At Groupon, there are thousands of nodes serving hundreds of inter-dependent micro-services. We are challenged with many potential commonly occurring failures such as node failures, network failures, and increase in network latencies. Understanding such failures of a given system and its dependent services, and to be prepared for such events is crucial in today’s world of micro-services. Testing for such types of faults/failures, and assessing the robustness, and resiliency of the system is very important as any system downtime would result in the loss of millions of dollars.
The objective of our team is to help simulate commonly occurring faults and failure scenarios, to understand the behavior during the simulation, and to take steps to prevent or mitigate such failures. We replicate the above failure scenarios by injecting faults ourselves in a controlled manner using automated scripts. We understand the behavior of a service, and its dependent services by observing the monitors for the given machine and the dependents to ensure that they are operating properly.
Topology Translation Service
Understanding the architecture of a given service is very important before injecting a fault. It helps us answer questions like, “What does the service stack consist of?”, “Is caching handled by Varnish or Redis?”, “What set of machines to inject fault on to simulate rack failure?”. Topology Service has the capability to not just identify the machine characteristics, and get an apt fault for the same, but it also has the associated monitors to observe the Services, and the dependent Services before, during, and after the fault injection.

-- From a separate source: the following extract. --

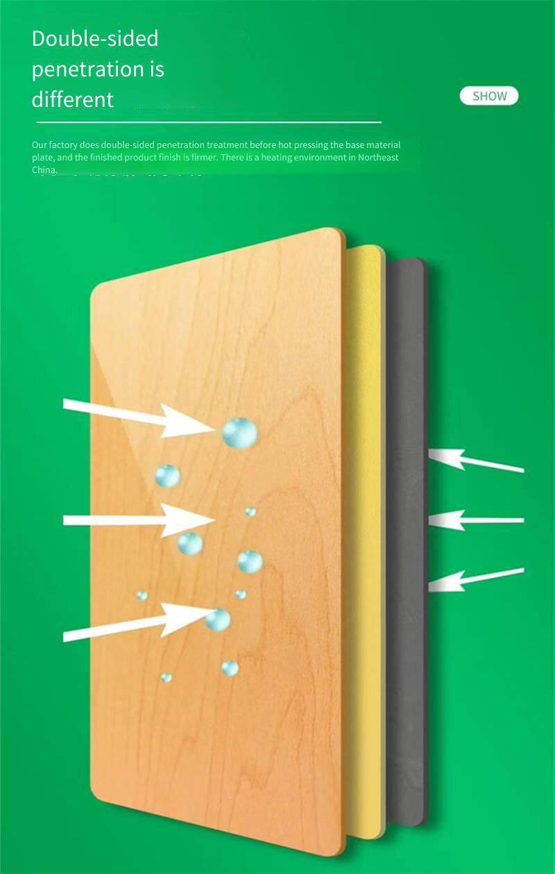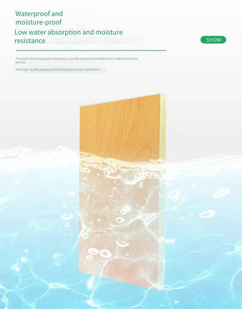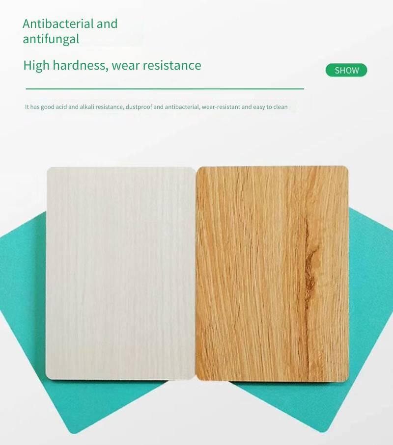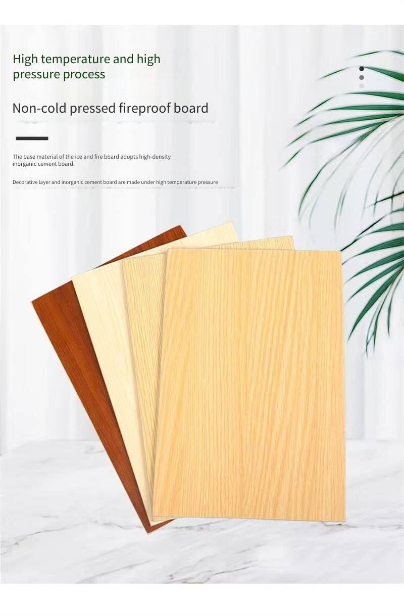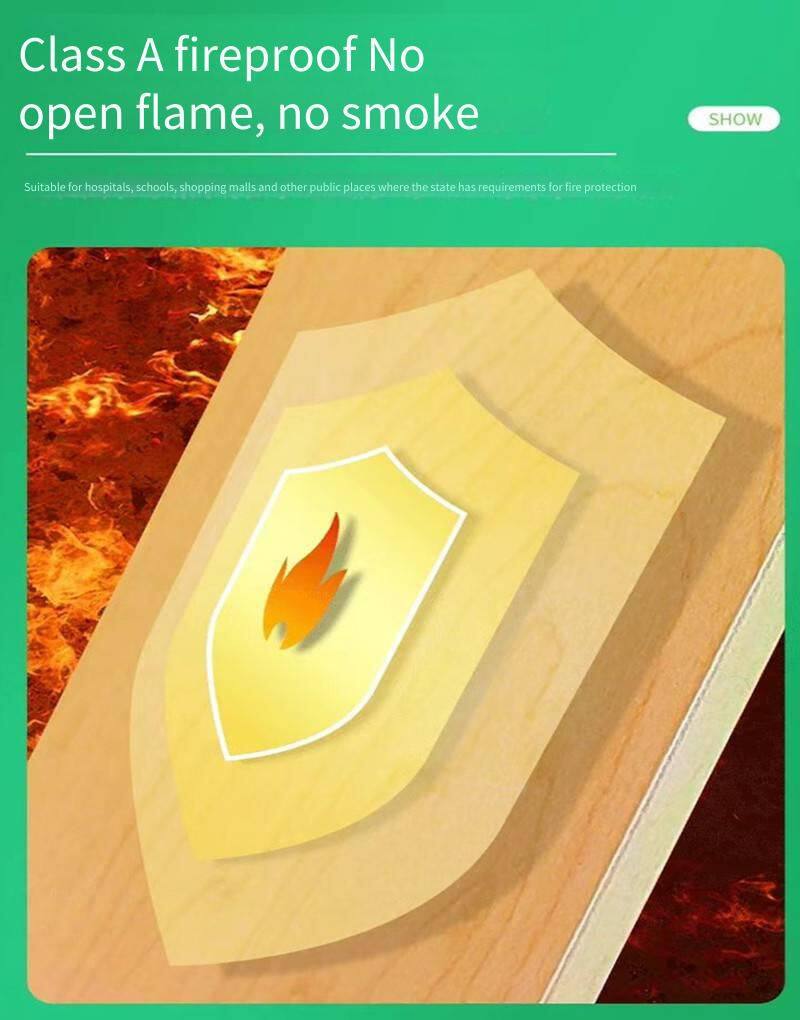 The fire-resistant board is composed of a base board, an adhesive layer, and impregnated paper. It utilizes an A1-grade fire-resistant base material, offering excellent fire prevention performance. It prevents the spread of flames and does not emit harmful fumes. With low water absorption, it provides moisture and water resistance. It stands wear-resistant and easy to clean, with high hardness. Containing no radioactive substances, benzene, formaldehyde, or other harmful substances, it ensures a long service life. Varied film papers allow for different decoration styles while maintaining the high quality of the base material.

To persist the topologies, we needed a database that could help us visualize the topology, and to also understand the dependency between services. Storing / querying topologies in a SQL datastore would involve multiple joins between several tables especially to query dependent services up to multiple levels. Also, a more efficient, and natural way of querying for the partial set of machines to inject fault was required. We took a deep dive into looking at a Graph DB solution, and we observed that it facilitated all the above requirements in an efficient way.
For example, one can add a dependency relation between ‘Service A’ and ‘Service B’ using a more readable query.
SERVICE_A ----DEPENDS_ON---> SERVICE_B
SERVICE_B ----DEPENDS_ON---> SERVICE_C
Now it becomes easier to query for the dependency chain for a given Service. In the above example, the query to get the dependencies of ‘Service C’ would look like:
GIVEN Service named C
RETURN all relations named DEPENDS_ON upto 3 depths
The above query would return the dependent services ‘A’, and ‘B’ as a result.
Topology Translation Service requires such a database solution to help querying of entities, and their relationships in a natural way. Hence a Graph database was the natural choice. It helps us visualize the database as a graph, and supports querying of objects with relations up to multiple depths. We are using Neo4j graph database for Topology Service. Neo4j is one of the leading graph databases available, and supports all of the requirements of Topology Service. It comes with a built-in web-app to query for objects using cypher queries, and also helps us to visualize the objects like a graph.
One of the primary features of Screwdriver is the injection of the fault on a given machine. Our requirement was that the injection of a fault has to be as lightweight as possible. It should also be self-deployable that can run on any given machine, can kill itself on completion, and should be self-sustainable in case of communication failure. On every fault injection request, a Capsule is built to solve all the above requirements. It exposes a secure REST API through which we can control the fault, and stop it if necessary. Faults are configured as Java objects, and are run as bash scripts thereby providing a layer of abstraction. For additional security, we want to ensure that Capsule is not replicated, and run on an unintended machine. To address this, Capsule is built with expiration time, and signed with machine specific information. On startup, Capsule validates this information before it runs.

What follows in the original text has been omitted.